HOW TO COMPLETE THIS TASK
All of the lines below need to be copied exactly, apart from the pictures.

GIVEN DATA
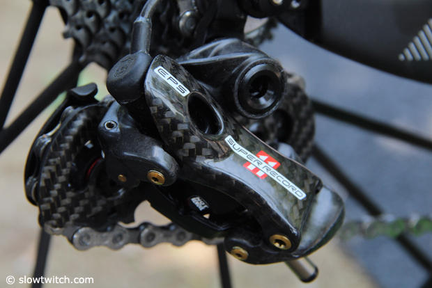 The sharp-looking Campagnolo Super Record EPS rear derailleur.
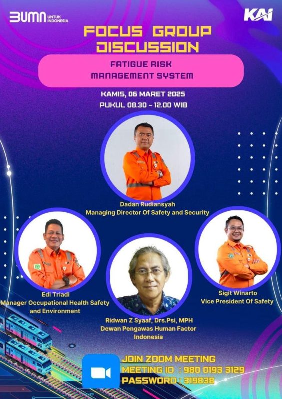 Pada tanggal 6 Maret 2025, Human Factors Indonesia diundang sebagai narasumber FGD PT Kereta Api Indonesia (KAI) untuk membahas Fatigue Risk Management System (FRMS). Diwakili oleh Drs (Psi). Ridwan Zahdi Syaaf, MPH yang menjabat sebagai Dewan Pengawas Human Factor Indonesia.
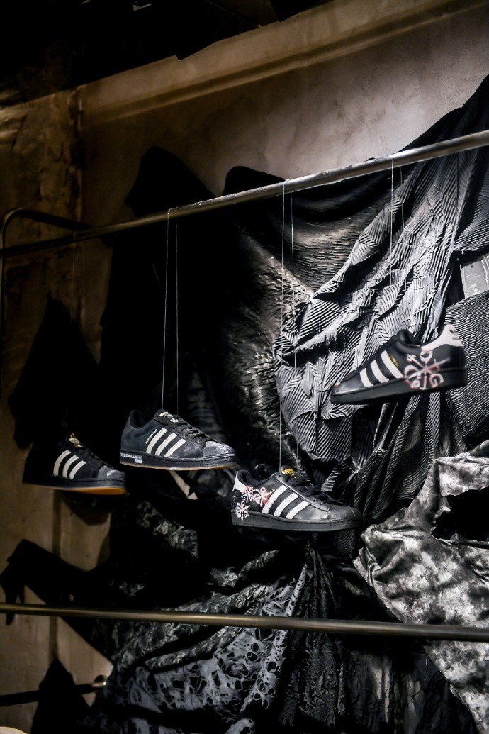 作為運動潮流的領航者,阿迪達斯始終致力于將經(jīng)典與現(xiàn)代、傳統(tǒng)與創(chuàng)新巧妙結(jié)合,為全球消費者帶來前所未有的時尚體驗?!昂谏悮ゎ^派對”正是這一理念的完美詮釋。所有嘉賓均穿著阿迪達斯Superstar系列,以全黑造型出席。當貝殼頭與暗黑美學碰撞,經(jīng)典鞋款的全新可能便以一種不同的方式被展現(xiàn)。經(jīng)過一系列精心設計,阿迪達斯Superstar系列的時尚元素與ONEGALLERY CAVE獨有的藝術氛圍實現(xiàn)融合,將活動現(xiàn)場打造為一個既復古又前衛(wèi)的潮流空間。
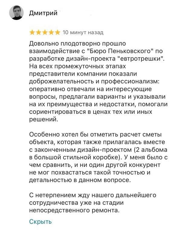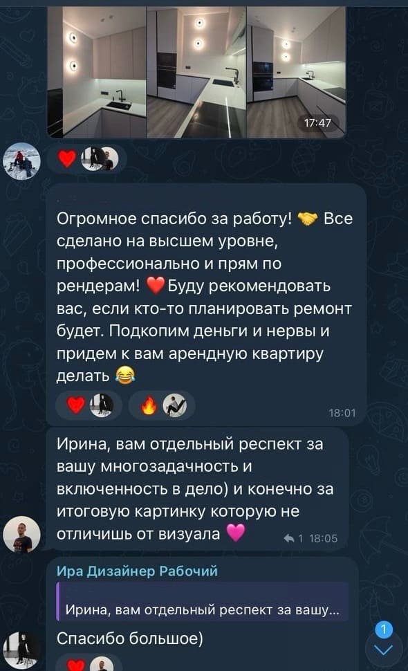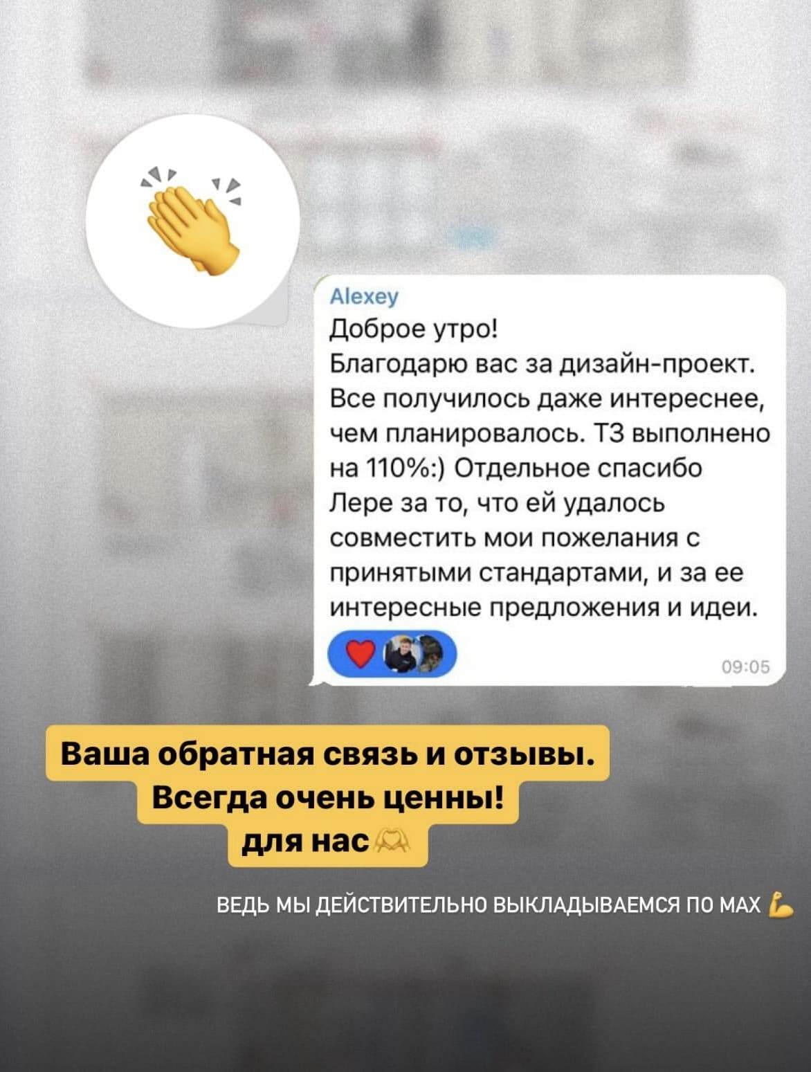 Долго выбирали компанию для ремонта с дизайном, цены за услуги были примерно одинаковые, но после личной встречи с Иваном выбор был очевидный: все объяснил, оценил что получится сделать в наш бюджет и во сколько обойдется полный ремонт по нашим референсам + предложил альтернативы, нет навязываний ненужного подороже, вы сами решаете стоит ли оно того. Сроки исполнения быстрее остальных, есть четкий тайминг каждого этапа который зафиксирован в документах + договор хорошо составлен по отношению к заказчикам + гарантия на услуги 5 лет. Профессиональный, порядочный, как человек очень лояльный и располагающий к себе, мы с мужем доверились ему и не пожалели. У него отличная команда, которую даже в Новой Боровой знали сотрудники и отзывались добрым словом. Рекомендую обращаться к проверенным ребятам в команде Ивана, не пожалеете точно.

SOLUTION FOR THIS PROBLEM
 The sharp-looking Campagnolo Super Record EPS rear derailleur.
 Pada tanggal 6 Maret 2025, Human Factors Indonesia diundang sebagai narasumber FGD PT Kereta Api Indonesia (KAI) untuk membahas Fatigue Risk Management System (FRMS). Diwakili oleh Drs (Psi). Ridwan Zahdi Syaaf, MPH yang menjabat sebagai Dewan Pengawas Human Factor Indonesia.
 作為運動潮流的領航者,阿迪達斯始終致力于將經(jīng)典與現(xiàn)代、傳統(tǒng)與創(chuàng)新巧妙結(jié)合,為全球消費者帶來前所未有的時尚體驗?!昂谏悮ゎ^派對”正是這一理念的完美詮釋。所有嘉賓均穿著阿迪達斯Superstar系列,以全黑造型出席。當貝殼頭與暗黑美學碰撞,經(jīng)典鞋款的全新可能便以一種不同的方式被展現(xiàn)。經(jīng)過一系列精心設計,阿迪達斯Superstar系列的時尚元素與ONEGALLERY CAVE獨有的藝術氛圍實現(xiàn)融合,將活動現(xiàn)場打造為一個既復古又前衛(wèi)的潮流空間。
 Долго выбирали компанию для ремонта с дизайном, цены за услуги были примерно одинаковые, но после личной встречи с Иваном выбор был очевидный: все объяснил, оценил что получится сделать в наш бюджет и во сколько обойдется полный ремонт по нашим референсам + предложил альтернативы, нет навязываний ненужного подороже, вы сами решаете стоит ли оно того. Сроки исполнения быстрее остальных, есть четкий тайминг каждого этапа который зафиксирован в документах + договор хорошо составлен по отношению к заказчикам + гарантия на услуги 5 лет. Профессиональный, порядочный, как человек очень лояльный и располагающий к себе, мы с мужем доверились ему и не пожалели. У него отличная команда, которую даже в Новой Боровой знали сотрудники и отзывались добрым словом. Рекомендую обращаться к проверенным ребятам в команде Ивана, не пожалеете точно.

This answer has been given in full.